A Very Gentle Introduction to WebAssembly

A Very Gentle Introduction to WebAssembly

The road to near-native execution in the browser

ยท

9 min read

The Story

The web has evolved from a platform for merely reading headlines to one that hosts the lifestyles of millions of users: from Grocery and Entertainment to Housing and Productivity. Building on the web is an all-win situation; the developers don't have to learn native technologies while making their ideas universally available and the users are also availed of the challenges that come with manually installing their native applications.

With the modern web, developers now have access to native features like Device Location, Device Orientation, Notification and many more, and can have their web applications possess some key attributes of their native counterparts across all devices, all from a single codebase.

So it makes sense that users expect the web to be the default platform for delivering any kind of technological solution, and indeed -- it is.

A recent achievement is how seamless it now is to transition from your regular life to any product on the web by having the web app installed directly on your device and function as though it were a mobile or desktop application, granting you native user experience (UX); these kinds of web applications are referred to as progressive web apps (PWA). The experiences they provide are getting closer to their native counterparts -- but the truth is -- native UX is not the same as native performance.

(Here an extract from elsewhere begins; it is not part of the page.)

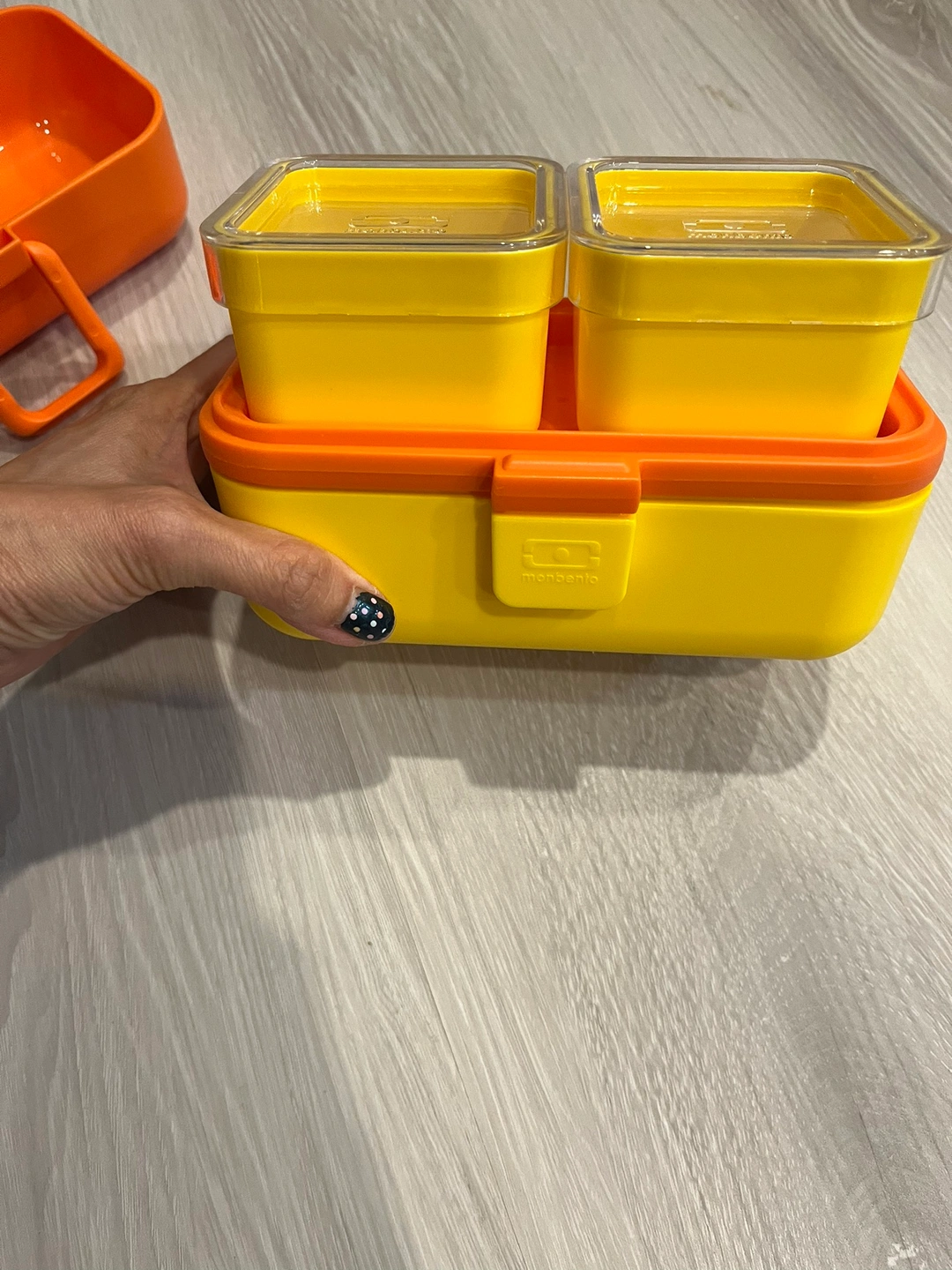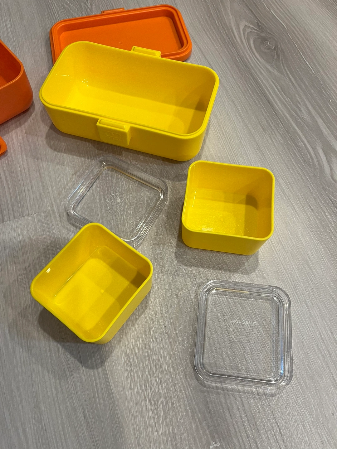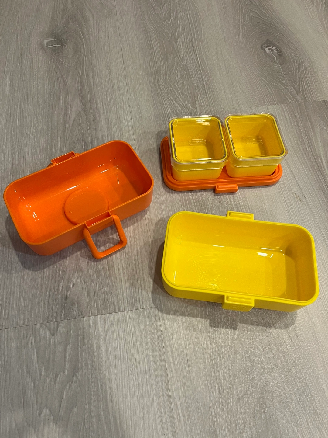 Smoke free pet free home Pick up only. Yonge & Steeles Item brought to driveway A set of 3 yellow and orange lunchboxes with lids. Includes one large container and two square containers. Great lunch box for little hands - easy to open or close. Bright colours Perfect for snacks on the go or portion control.

You can have an app pretend to be native by giving it access to native functionalities coupled with clever UI design, but there is still one more culprit that always breaks that illusion -- speed. Hitting native or near-native speed has been technically impossible due to how the web clients (mostly browsers) are designed -- that's until WebAssembly came into the scene.

So What's WebAssembly?

"WebAssembly is a binary instruction format for a stack-based virtual machine". To understand this, we need to understand how code runs in the browser. You see, JavaScript is the only turing-complete programming language the browser can run. A turing-complete language is one that can be used to model any computational problem; in simple terms, it can solve (or simulate) any programming task. But JavaScript does not talk to the machine directly, it is instead converted into a different format know as bytecode which is then run in a special kind of environment called a virtual machine (VM).

A virtual machine (VM) is a computer program that aims to model the architecture of a real or hypothetical computer. So, instead of the binaries running directly on your actual machine, it is run in this hypothetical environment in this bytecode format. A major advantage of this approach is that the VM guarantees that programs execute similarly (at least in theory) on different platforms, and since they will be running in the hypothetical VM anyway, developers don't need to learn platform-specific routines as they would have already been abstracted by the VM. Another advantage is that since the bytecode only knows the VM as its environment, it can be optimised for the VM and such optimisation can still have effect on any platform that hosts the VM.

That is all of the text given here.